Indonesia–Ireland relations
- Indonesia: Ireland

= Indonesia–Ireland relations =

The Republics of Indonesia and Ireland established diplomatic relations on 4 September 1984 and since then they have had strong correlations. In addition to politics, economy, the internet and creative sectors, as well as education and culture, the two nations are dedicated to fostering real cooperation in these areas. Ireland opened its embassy in Jakarta in 2014, whereas the Indonesian embassy in London, England is accredited to Ireland. Despite no full diplomatic presence, Indonesia maintains an honorary consulate in Dublin. Both countries are members of the World Trade Organization and the United Nations.

== History ==

The outcomes of the bilateral consultation between Ireland and Indonesia, held at the director general level on October 13, 2022, included an agreement to maximize potentials in the areas of digital and creative industries, environment, sustainable tourism, energy forests, and higher education, as well as to promote trade and investment value.

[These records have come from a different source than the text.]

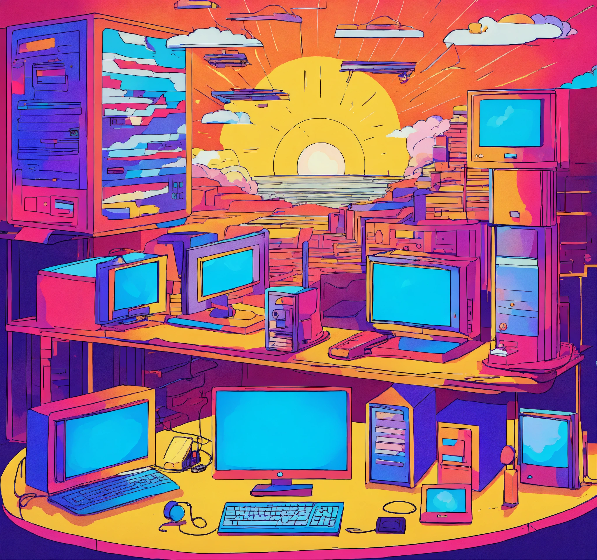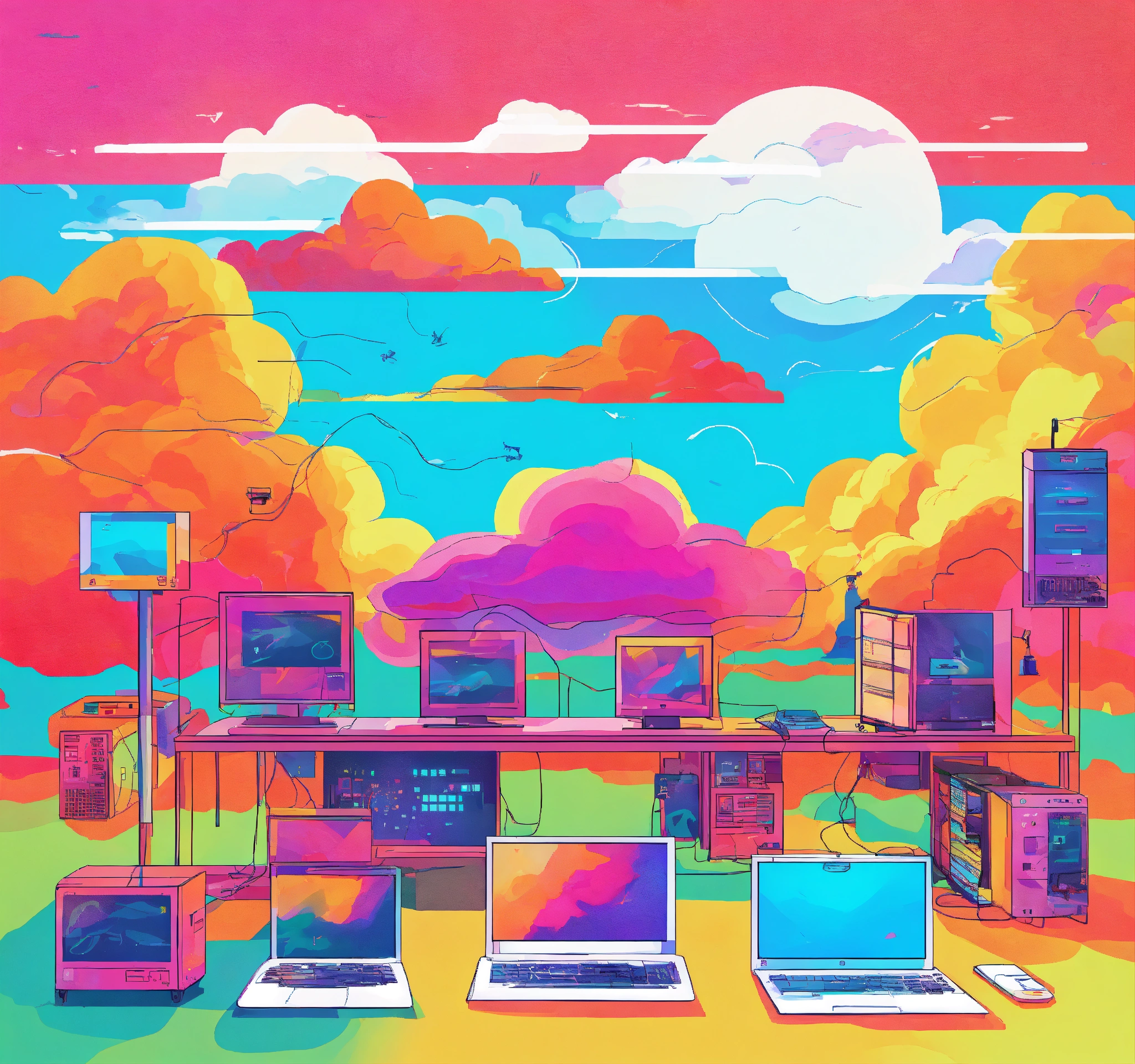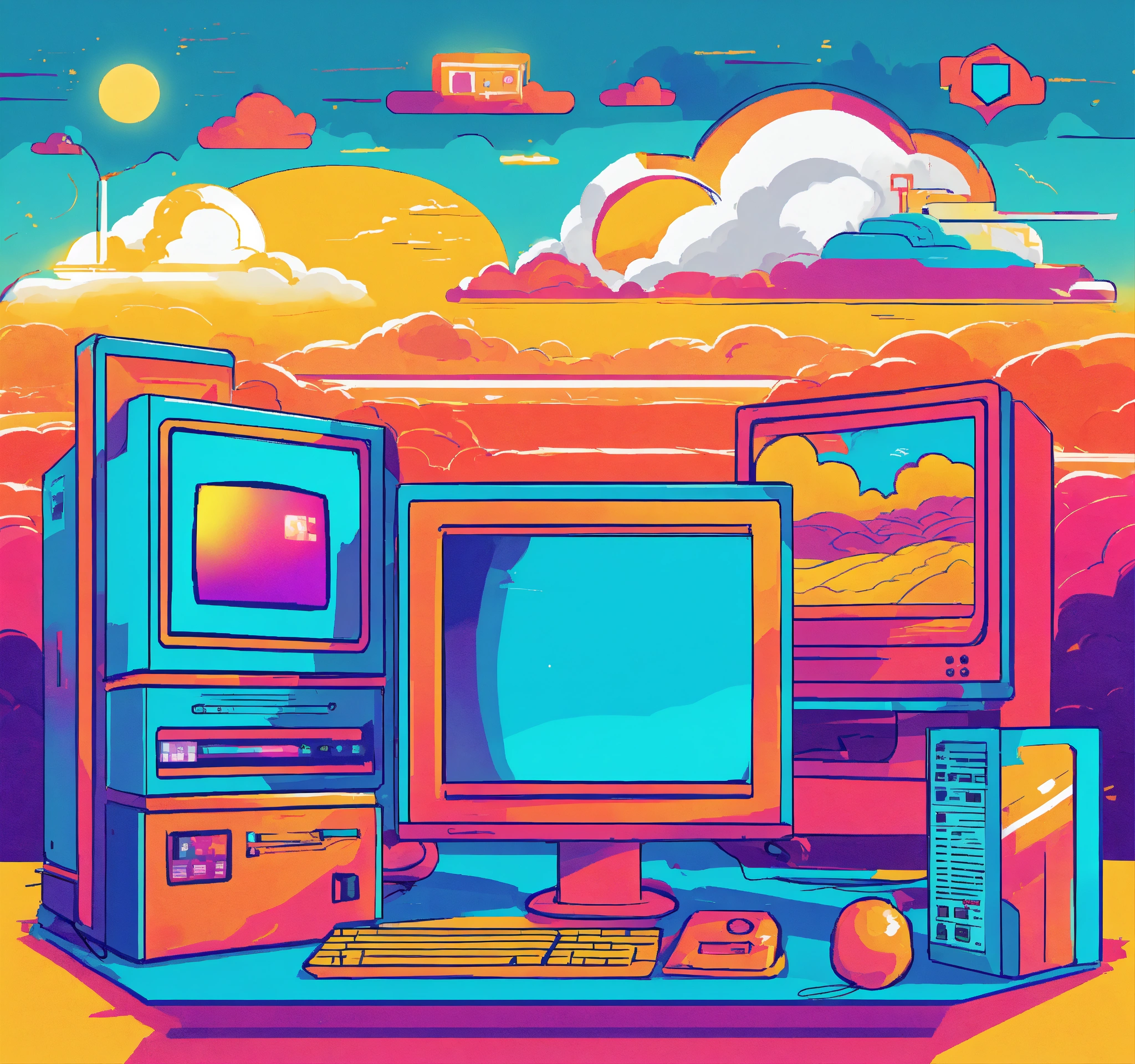 Please generate a lively artwork of computers and cybersecurity under sunshine and clouds using a bright and vibrant color palette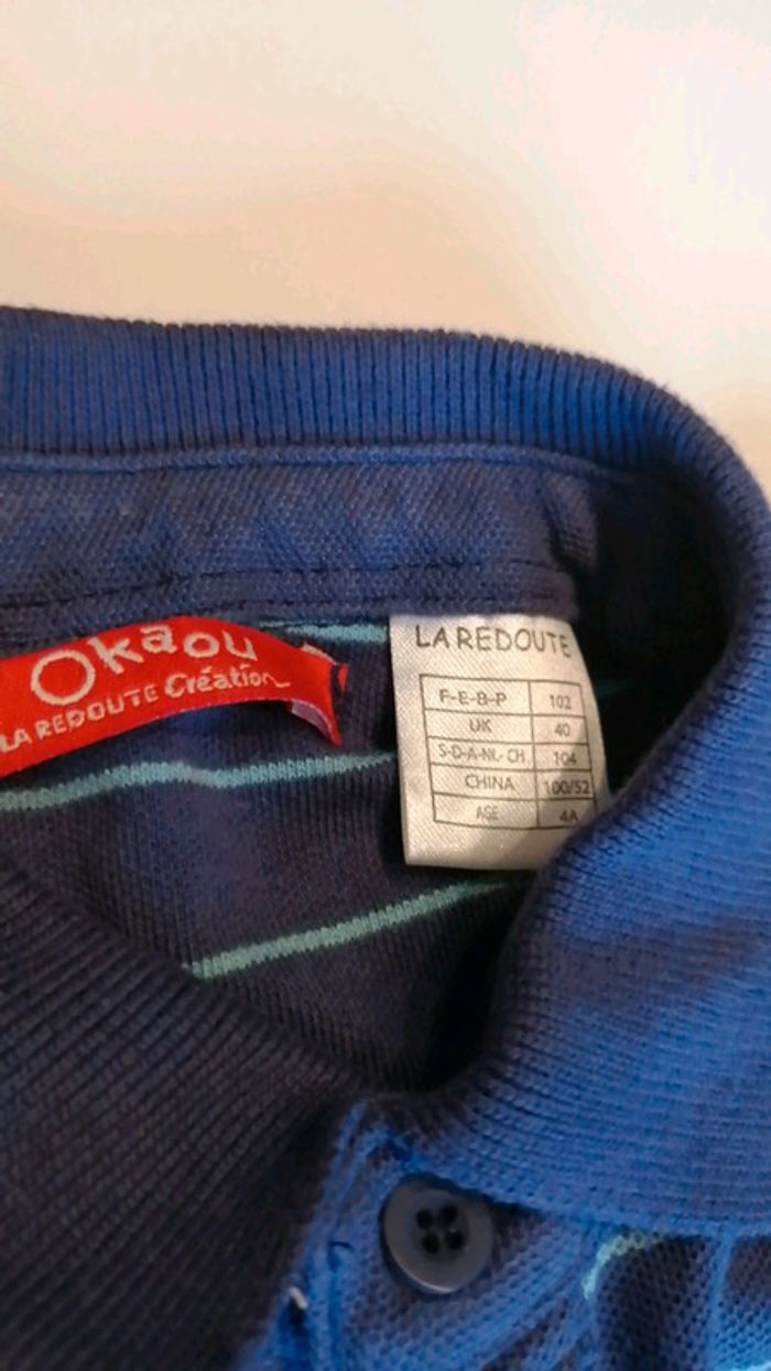 #kat59147garçon4ans Polo rayé bleu de la marque la redoute, fermeture col par boutons, petite poche et flocage en bas. Très peu porté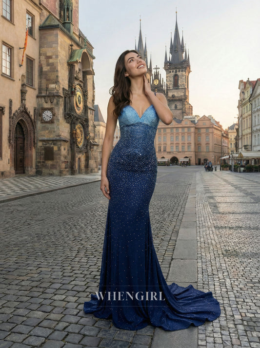 Sky Blue V Neck Spaghetti Strap Beaded Mermaid Prom Dress

Offering chances to strengthen bilateral collaboration, Ireland announced "Global Ireland, Delivering in the Asia Pacific Region to 2025" in January 2020.

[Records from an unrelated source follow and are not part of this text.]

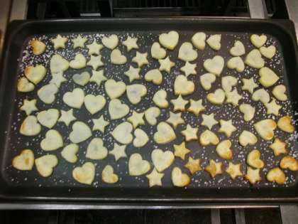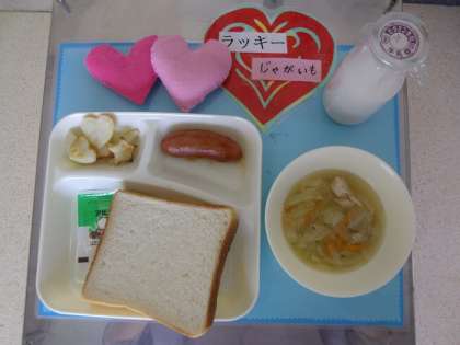 今日の給食は、食パン、ソフトマーガリン、フランクフルトのケチャップソース、スープ、焼きじゃが、牛乳です。今回は焼きじゃがで、ラッキーじゃがいもをしてみました。じゃがいもは半月切り、そしてハートと星の形にも切り、蒸し焼きにして、塩をふります。初の試みに、子ども達もドキドキわくわく。おいしく、楽しく、幸せを感じながら、今日もいただきました。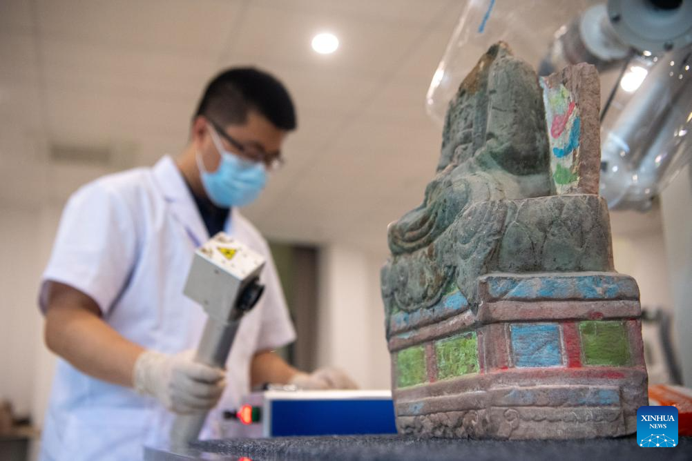 A staff member restores a rock-made relic at the Dazu Rock Carvings studio for relics restoration in southwest China's Chongqing Municipality, June 24, 2025. Dazu Rock Carvings, a UNESCO World Heritage Site in southwest China's Chongqing Municipality, is being injected with new vigor as various digital technologies are used for its protection and utilization.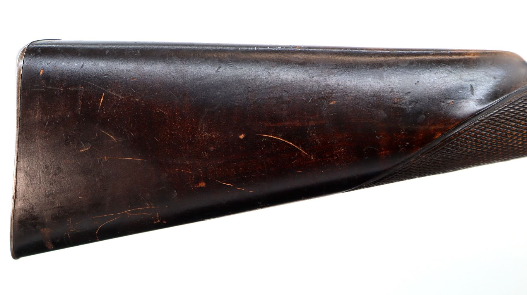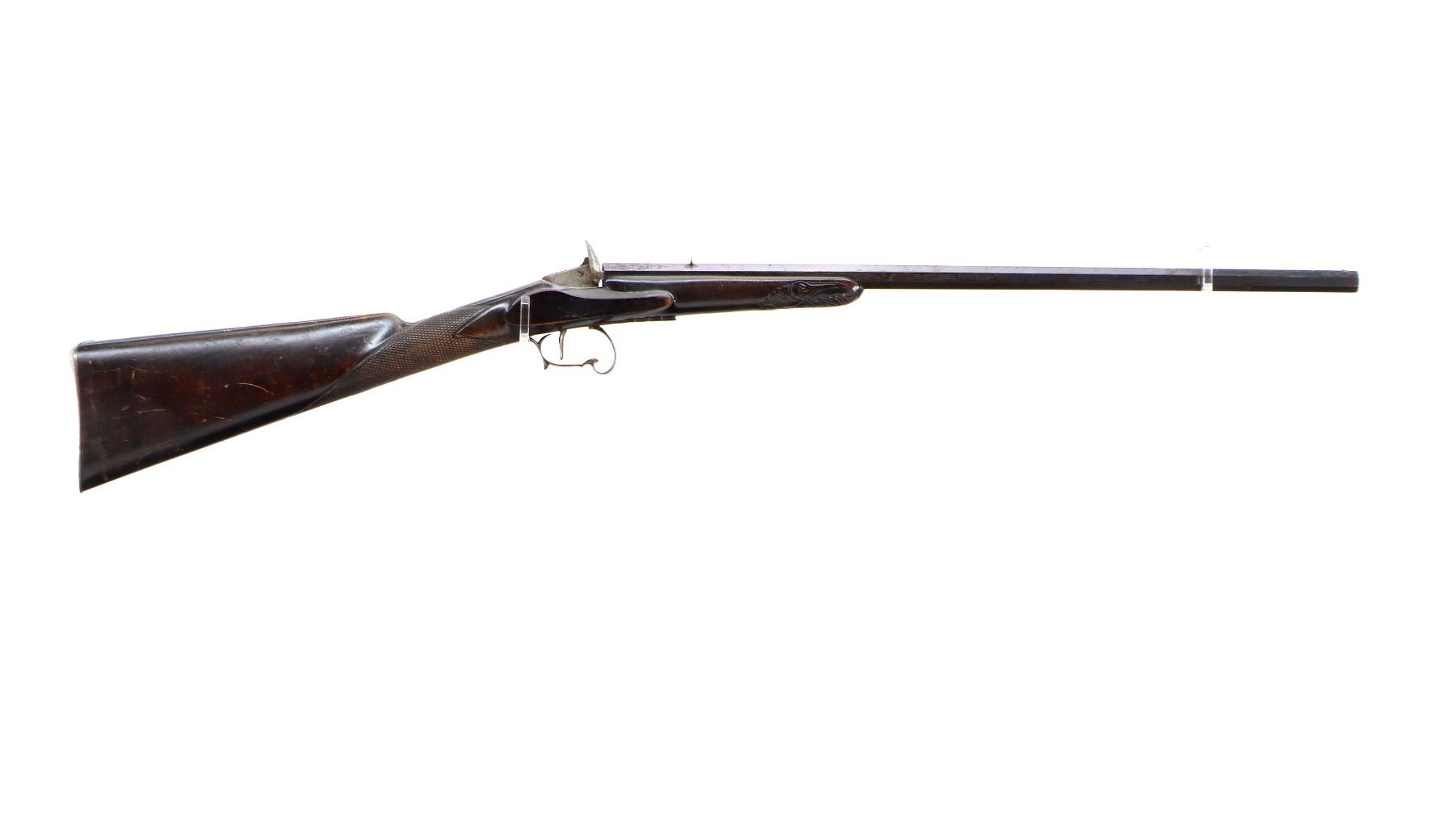 Main Description: Broken front sight, fixed u notched rear sight, blued octagon barrel with light engraving, smooth spur hammer. One piece wood stock, forend tip is carved, checkered straight grip, smooth steel butt plate.

On 23 September 2024, Indonesian Foreign Minister Retno Marsudi and her Irish counterpart Micheál Martin have improved their bilateral ties by signing a memorandum of understanding on the sidelines of the 79th United Nations General Assembly (UNGA) in New York. It is expected that the agreement will strengthen both nations' political processes for debating international problems of mutual interest and bilateral collaboration.

== Trade ==
Indonesia sold $183 million to Ireland in 2021. Computers ($33.9 million), polyacetals ($10.6 million) and office machine parts ($9.16 million) are Indonesia's top exports to Ireland. 26 years prior, Indonesian exports to Ireland have risen at an average rate of 4.75% from $54.7 million to $183 million.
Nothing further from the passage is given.